- Opening Delimiter -
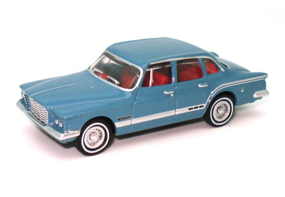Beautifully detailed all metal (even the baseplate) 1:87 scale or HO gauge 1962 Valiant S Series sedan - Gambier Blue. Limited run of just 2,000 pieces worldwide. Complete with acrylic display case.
- Closing Delimiter -
- Opening Delimiter -
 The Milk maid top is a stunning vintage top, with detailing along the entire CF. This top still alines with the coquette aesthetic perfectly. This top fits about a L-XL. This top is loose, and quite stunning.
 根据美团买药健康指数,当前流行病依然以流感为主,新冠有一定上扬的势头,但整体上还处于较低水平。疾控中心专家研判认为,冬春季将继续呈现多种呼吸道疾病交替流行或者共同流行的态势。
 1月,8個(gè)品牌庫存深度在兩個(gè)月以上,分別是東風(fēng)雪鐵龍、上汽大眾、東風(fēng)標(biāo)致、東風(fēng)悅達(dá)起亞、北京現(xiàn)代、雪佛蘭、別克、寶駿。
- Closing Delimiter -
### TASK TO CARRY OUT
Using the records above, set down exactly the lines from the one with "根据美团买药健康指数,当前流" through the one with "1月,8個(gè)品牌庫存深", inclusive, and nothing more.

### REPLY TO THE TASK
 根据美团买药健康指数,当前流行病依然以流感为主,新冠有一定上扬的势头,但整体上还处于较低水平。疾控中心专家研判认为,冬春季将继续呈现多种呼吸道疾病交替流行或者共同流行的态势。
 1月,8個(gè)品牌庫存深度在兩個(gè)月以上,分別是東風(fēng)雪鐵龍、上汽大眾、東風(fēng)標(biāo)致、東風(fēng)悅達(dá)起亞、北京現(xiàn)代、雪佛蘭、別克、寶駿。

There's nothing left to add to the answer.